Although GK represents a highly promising preclinical lead compound, the most immediate and critical step forward is the design and execution of well-controlled clinical trials to evaluate whether this significant preclinical promise translates into tangible therapeutic benefits for patients. Addressing existing pharmacokinetic and safety challenges will be essential for this transition from bench to bedside.
To systematically advance GK from preclinical promise to clinical candidacy, a focused five-year roadmap is essential. The immediate priority (Years 1–2) must be definitive target validation (e.g., using biophysical assays to confirm direct binding to STING and Keap1) and the selection of an optimized formulation (e.g., prodrug or nanocarrier) that achieves pharmacologically relevant systemic exposure. Subsequently (Years 2–4), efforts should shift to comprehensive preclinical de-risking, including GLP-compliant toxicology studies, PK/PD modeling, and CMC development for the lead candidate. Finally (Years 4–5+), clinical translation should be initiated with a Phase 0 microdosing study to confirm human pharmacokinetics, followed by a Phase I trial to establish safety and a recommended Phase 2 dose. This structured pathway, centered on solving the key challenges of target verification, bioavailability, and safety, provides a clear and actionable strategy for harnessing the full clinical potential of GK.

Author Contributions

Z.S.: Writing—review & editing, Writing—original draft, Conceptualization. Y.L.: Writing—review & editing, Validation. X.Z.: Writing—review & editing, Validation. Z.R.: Writing—review & editing, Supervision, Funding acquisition. L.Z.: Writing—review & editing, Supervision, Funding acquisition. All authors have read and agreed to the published version of the manuscript.

Funding

This study was sponsored by the National Natural Science Foundation of China (32400956), the Shanghai University Young Talents Sailing Plan (N.13-G21022367), and the China Postdoctoral Science Foundation (2023M740870).

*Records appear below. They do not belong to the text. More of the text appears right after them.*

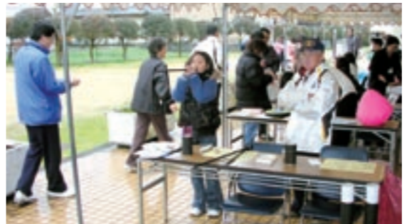
昨年の「菊池市生涯学習フェスティバル」で「公式吹き矢」を紹介している様子です

このたび、「広報きくち」を利用して頂き、体育指導委員の活動現況などを市民の皆様へお伝えすることができることになりました。心から感謝申し上げます。 さて、近年我々を取り巻くスポーツ環境も、社会情勢と共に著しく変化して参りました。競技スポーツを中心に、トップアスリートを目指した指導育成も大切で、その見直しもされ効果も上がってきています。 しかし、体育指導委員の設置に伴い、競技スポーツと共に生涯スポーツの推進が重要視されるようになってきました。そのため私達体育指導委員は、地域住民のニーズに応えるため、楽しさを前面に出したニュースポーツ（レクリエーションスポーツ）などを重視した指導育成活動に全力を注いでいるところでございます。 今後、このような広報活動によって地域住民とのコミュニケーションが図られるようになれば、住民のスポーツ的自立支援にも役立ち、ひいては生涯スポーツの推進にも大きな役割を果たすのではないかと期待を寄せております。 最後に、今回の広報掲載へ向けて大変ご尽力頂きました各関係者の皆様方へ厚くお礼申し上げます。ご挨拶といたします。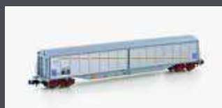
H23443 SCHIEBEWANDWAGEN HABIS SNCF/EVS, EP.IV-V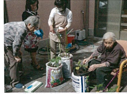
きゅうり。ピーマン。なす。 美味しく収穫できるかしら?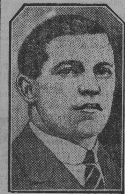
El comandante belga Maseaux, que ha batido el "record" de velocidad durante las pruebas celebradas recientemente en Vauville.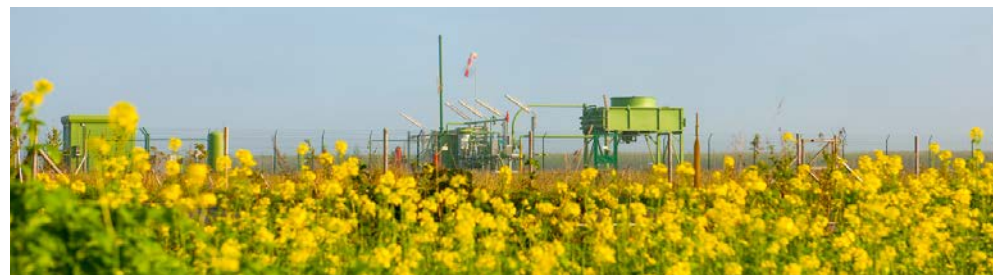
Erdgasbohrung Böttersen Z11

Zur Zeit wird ein umfassendes Grundwassermonitoring vor, während und nach der Maßnahme vorbereitet. Das Monitoringkonzept wurde 2013 gemeinsam mit den Bürgermeistern der umliegenden Gemeinden, mit Vertretern von Landkreis und Wasserversorgern sowie mit dem Vertreter einer Bürgerinitiative im Rahmen von vier „Runden Tischen“ abgestimmt. Die Grundwassermessstellen werden im Frühjahr 2014 errichtet. Hierzu wird ExxonMobil im Rahmen einer Informationsveranstaltung vor Ort im Detail informieren.

Institutional Review Board Statement

Not applicable.

Data Availability Statement

Not applicable.

Acknowledgments

The figures were created using BioRender with the publication licenses. https://app.biorender.com/gallery/illustrations.

Conflicts of Interest

The authors declare that they have no known competing financial interests or personal relationships that could have appeared to influence the work reported in this paper.

Abbreviations

GK—Ginkgetin; ROS—Reactive oxygen species; Nrf2—Nuclear factor erythroid 2–related factor 2; HO-1—Heme oxygenase-1; NF-κB—Nuclear factor kappa-B; JAK—Janus kinase; STAT—Signal transducer and activator of transcription; MAPKs—Mitogen-activated protein kinases; AMPK—AMP-activated protein kinase; mTOR—Mechanistic target of rapamycin; PI3K—Phosphoinositide 3-kinase; Akt—Protein kinase B; cGAS—Cyclic GMP-AMP synthase; STING—Stimulator of interferon genes; TBK1—TANK-binding kinase 1; IRF3—Interferon regulatory factor 3; TNF-α—Tumor necrosis factor-alpha; IL—Interleukin; MMP—Matrix metalloproteinase; VEGFA—Vascular endothelial growth factor A; PPARγ—Peroxisome proliferator-activated receptor gamma; C/EBPα—CCAAT/enhancer-binding protein alpha; NASH—Non-alcoholic steatohepatitis; TLR4—Toll-like receptor 4; EPS—Extracellular polymeric substances; SLY—Suilysin; SS2—Streptococcus suis serotype 2.